Start at the line below containing "1 листопада 2026" and stop at the line containing "В воду добавьте". Repeat every line of that stretch exactly, and nothing outside it.

*Records supplied:*
◆ ◆ ◆

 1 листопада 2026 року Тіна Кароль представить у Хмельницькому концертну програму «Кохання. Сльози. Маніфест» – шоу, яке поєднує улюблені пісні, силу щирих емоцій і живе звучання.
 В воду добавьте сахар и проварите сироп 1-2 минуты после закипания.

◆ ◆ ◆

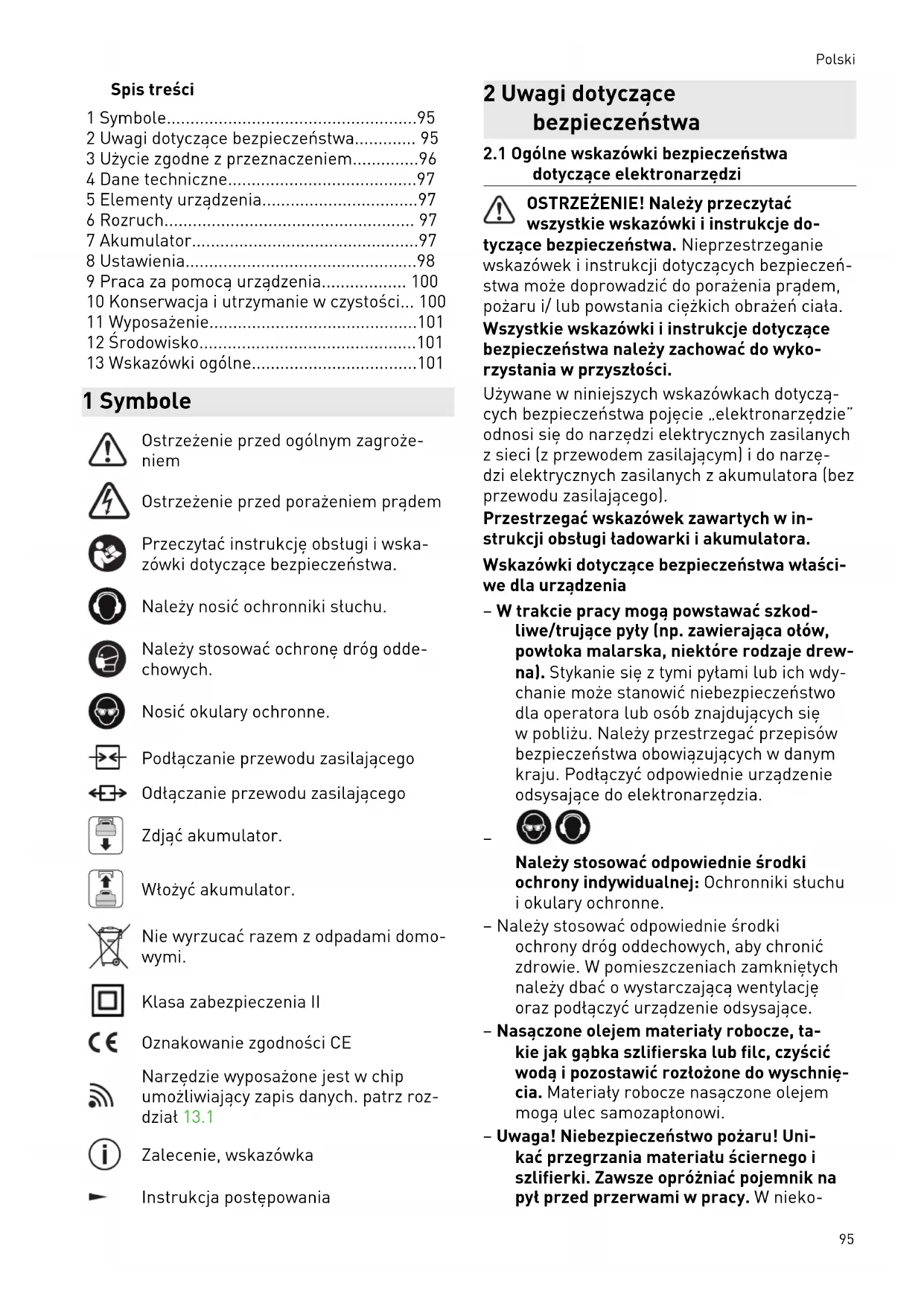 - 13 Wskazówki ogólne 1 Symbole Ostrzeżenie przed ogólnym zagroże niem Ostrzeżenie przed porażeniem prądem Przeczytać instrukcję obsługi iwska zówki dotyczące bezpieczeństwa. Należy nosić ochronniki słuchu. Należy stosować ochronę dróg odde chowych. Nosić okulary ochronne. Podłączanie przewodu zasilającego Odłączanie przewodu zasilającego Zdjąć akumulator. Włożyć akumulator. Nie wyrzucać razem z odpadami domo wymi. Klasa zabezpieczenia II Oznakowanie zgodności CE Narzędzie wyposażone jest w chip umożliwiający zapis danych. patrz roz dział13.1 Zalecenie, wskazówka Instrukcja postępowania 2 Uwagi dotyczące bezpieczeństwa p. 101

◆ ◆ ◆

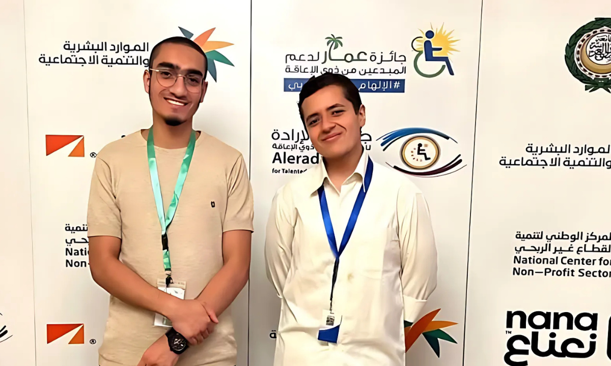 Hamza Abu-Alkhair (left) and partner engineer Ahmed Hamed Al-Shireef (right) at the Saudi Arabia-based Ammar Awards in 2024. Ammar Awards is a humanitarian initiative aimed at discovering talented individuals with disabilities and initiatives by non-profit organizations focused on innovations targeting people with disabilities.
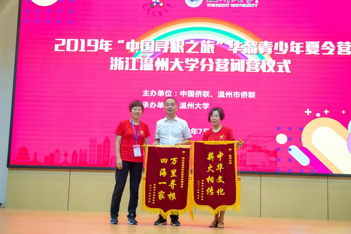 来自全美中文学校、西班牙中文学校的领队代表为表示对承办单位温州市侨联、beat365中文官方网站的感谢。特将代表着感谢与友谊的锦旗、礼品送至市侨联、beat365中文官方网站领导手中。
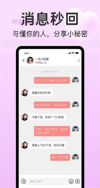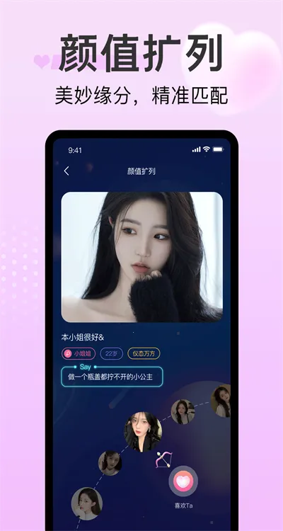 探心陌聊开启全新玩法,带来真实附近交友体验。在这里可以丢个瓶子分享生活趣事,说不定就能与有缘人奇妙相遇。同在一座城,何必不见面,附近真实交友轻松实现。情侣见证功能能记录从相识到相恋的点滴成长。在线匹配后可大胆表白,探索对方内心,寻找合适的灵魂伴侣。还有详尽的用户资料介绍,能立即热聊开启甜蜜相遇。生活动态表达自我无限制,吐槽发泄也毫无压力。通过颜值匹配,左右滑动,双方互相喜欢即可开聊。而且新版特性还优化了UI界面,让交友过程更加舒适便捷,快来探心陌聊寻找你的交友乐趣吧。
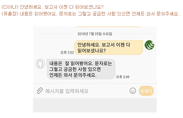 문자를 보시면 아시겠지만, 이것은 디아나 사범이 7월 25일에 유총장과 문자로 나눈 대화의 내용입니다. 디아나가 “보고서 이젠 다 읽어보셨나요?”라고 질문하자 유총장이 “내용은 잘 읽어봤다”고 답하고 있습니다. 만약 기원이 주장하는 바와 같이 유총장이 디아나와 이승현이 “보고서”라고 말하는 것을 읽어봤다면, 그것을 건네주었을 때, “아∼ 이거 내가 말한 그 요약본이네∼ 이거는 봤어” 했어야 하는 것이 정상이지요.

◆ ◆ ◆

*Solution to the exercise:*
 1 листопада 2026 року Тіна Кароль представить у Хмельницькому концертну програму «Кохання. Сльози. Маніфест» – шоу, яке поєднує улюблені пісні, силу щирих емоцій і живе звучання.
 В воду добавьте сахар и проварите сироп 1-2 минуты после закипания.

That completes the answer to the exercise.